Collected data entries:
------------------------------------
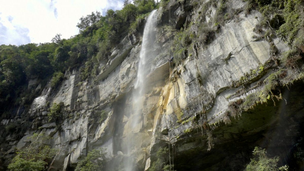 Abseiling a remote waterfall in Peru
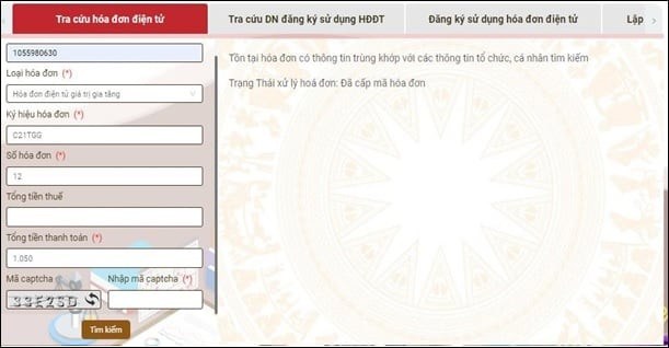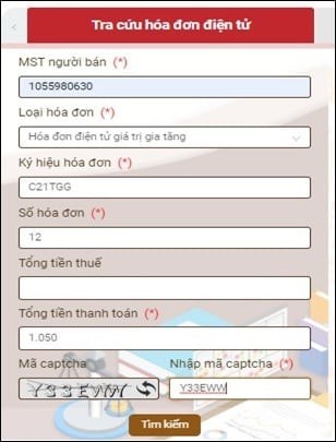 Bước 2: Nhập thông tin hóa đơn cần tìm kiếm, nhập Mã Capcha.
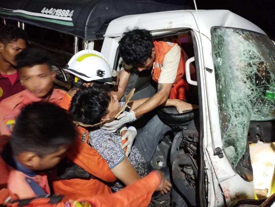 Nissan အဖြူရောင်ယာဥ်မှာ သာကေတဘက်မှ တောင်ဒဂုံဘက်သို့ မောင်းနှင်လာစဥ် Gas ထည့်ရန် တန်းစီနေသော YBS- ၆ ခရီးသည်တင်ယာဥ်ကို ဝင်တိုက်မိခဲ့ခြင်းဖြစ်ပြီး Nissan အဖြူရောင်ယာဥ်မောင်းမှာ ကားစတီယာရင်တိုင်နှင့် ထိုင်ခုံကြားညပ်နေသဖြင့် ဒဂုံမြို့သစ် (တောင်ပိုင်း)မြို့နယ်မီးသတ်စခန်းမှ တပ်ဖွဲ့ဝင်များက ဝိုင်းဝန်း ကယ်ထုတ်ခဲ့ရကြောင်း သိရှိရသည်။
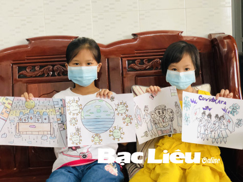 Hai chị em Thảo Nghi và Thảo Nhiên (Khu dân cư Phường 5, TP. Bạc Liêu) đã vẽ nhiều bức tranh sáp màu với chủ đề phòng, chống dịch COVID-19. Cha của hai bé thường xuyên vắng nhà để cùng các cô chú trong cơ quan “đi tiêu diệt COVID-19”. Những lúc vắng cha, các bé ước mong dịch bệnh sớm qua mau để có cha ở nhà chơi cùng mình. Bé Thảo Nghi sang năm học mới sẽ là học sinh lớp 5 Trường tiểu học Kim Đồng, khi được mẹ gợi ý chủ đề để vẽ là hăng hái ngay với công việc “tuổi nhỏ làm việc nhỏ” cùng cha chống dịch, em tự chọn bố cục, chất liệu, màu sắc để khởi động phần việc nhỏ của mình.
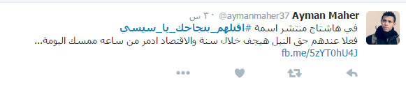 وقال أيمن ماهر:”في هاشتاج منتشر اسمه اقتلهم بنجاحك يا سيسي عندهم حق، النيل هيجف خلال سنة والاقتصاد ادمر من ساعة ممسك البومة”
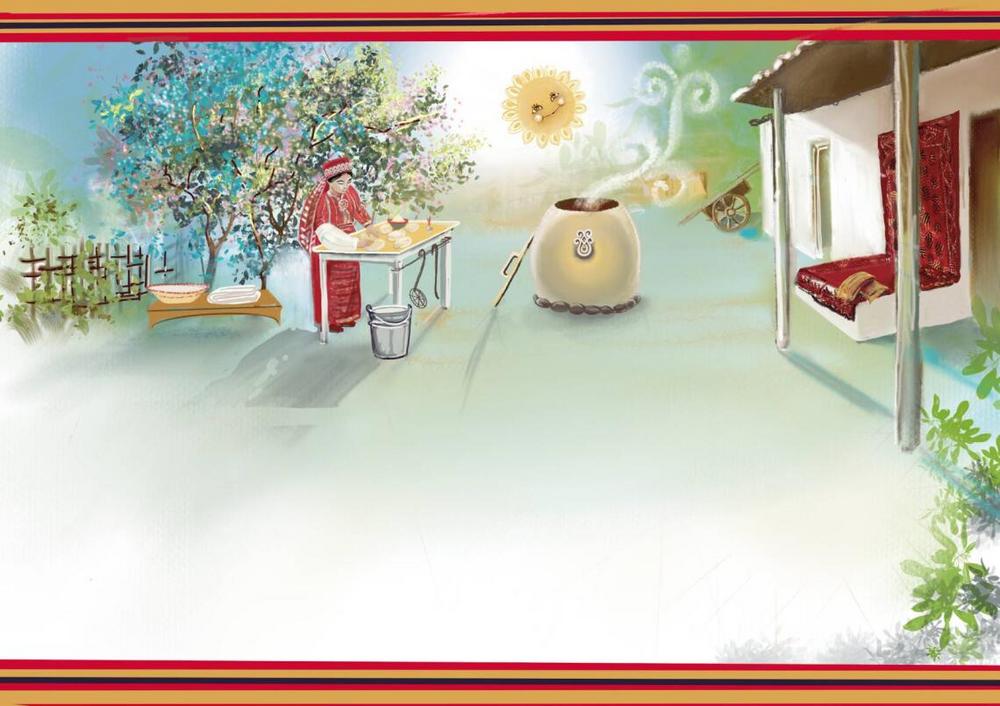 Бахар гелина* приготовила тесто для хлеба. Она выпекала хлеб дважды в неделю на всю семью, семь человек. Из теста она слепила круглые большие лепешки и маленькие для детей. Лепешки были плоские и узорчатые из-за дырочек, которые она сделала, проткнув тесто специальным декоративным прибором с небольшими иголками, как у ежей.
------------------------------------
Leave the images aside and transcribe all entries exactly.

 Abseiling a remote waterfall in Peru
 Bước 2: Nhập thông tin hóa đơn cần tìm kiếm, nhập Mã Capcha.
 Nissan အဖြူရောင်ယာဥ်မှာ သာကေတဘက်မှ တောင်ဒဂုံဘက်သို့ မောင်းနှင်လာစဥ် Gas ထည့်ရန် တန်းစီနေသော YBS- ၆ ခရီးသည်တင်ယာဥ်ကို ဝင်တိုက်မိခဲ့ခြင်းဖြစ်ပြီး Nissan အဖြူရောင်ယာဥ်မောင်းမှာ ကားစတီယာရင်တိုင်နှင့် ထိုင်ခုံကြားညပ်နေသဖြင့် ဒဂုံမြို့သစ် (တောင်ပိုင်း)မြို့နယ်မီးသတ်စခန်းမှ တပ်ဖွဲ့ဝင်များက ဝိုင်းဝန်း ကယ်ထုတ်ခဲ့ရကြောင်း သိရှိရသည်။
 Hai chị em Thảo Nghi và Thảo Nhiên (Khu dân cư Phường 5, TP. Bạc Liêu) đã vẽ nhiều bức tranh sáp màu với chủ đề phòng, chống dịch COVID-19. Cha của hai bé thường xuyên vắng nhà để cùng các cô chú trong cơ quan “đi tiêu diệt COVID-19”. Những lúc vắng cha, các bé ước mong dịch bệnh sớm qua mau để có cha ở nhà chơi cùng mình. Bé Thảo Nghi sang năm học mới sẽ là học sinh lớp 5 Trường tiểu học Kim Đồng, khi được mẹ gợi ý chủ đề để vẽ là hăng hái ngay với công việc “tuổi nhỏ làm việc nhỏ” cùng cha chống dịch, em tự chọn bố cục, chất liệu, màu sắc để khởi động phần việc nhỏ của mình.
 وقال أيمن ماهر:”في هاشتاج منتشر اسمه اقتلهم بنجاحك يا سيسي عندهم حق، النيل هيجف خلال سنة والاقتصاد ادمر من ساعة ممسك البومة”
 Бахар гелина* приготовила тесто для хлеба. Она выпекала хлеб дважды в неделю на всю семью, семь человек. Из теста она слепила круглые большие лепешки и маленькие для детей. Лепешки были плоские и узорчатые из-за дырочек, которые она сделала, проткнув тесто специальным декоративным прибором с небольшими иголками, как у ежей.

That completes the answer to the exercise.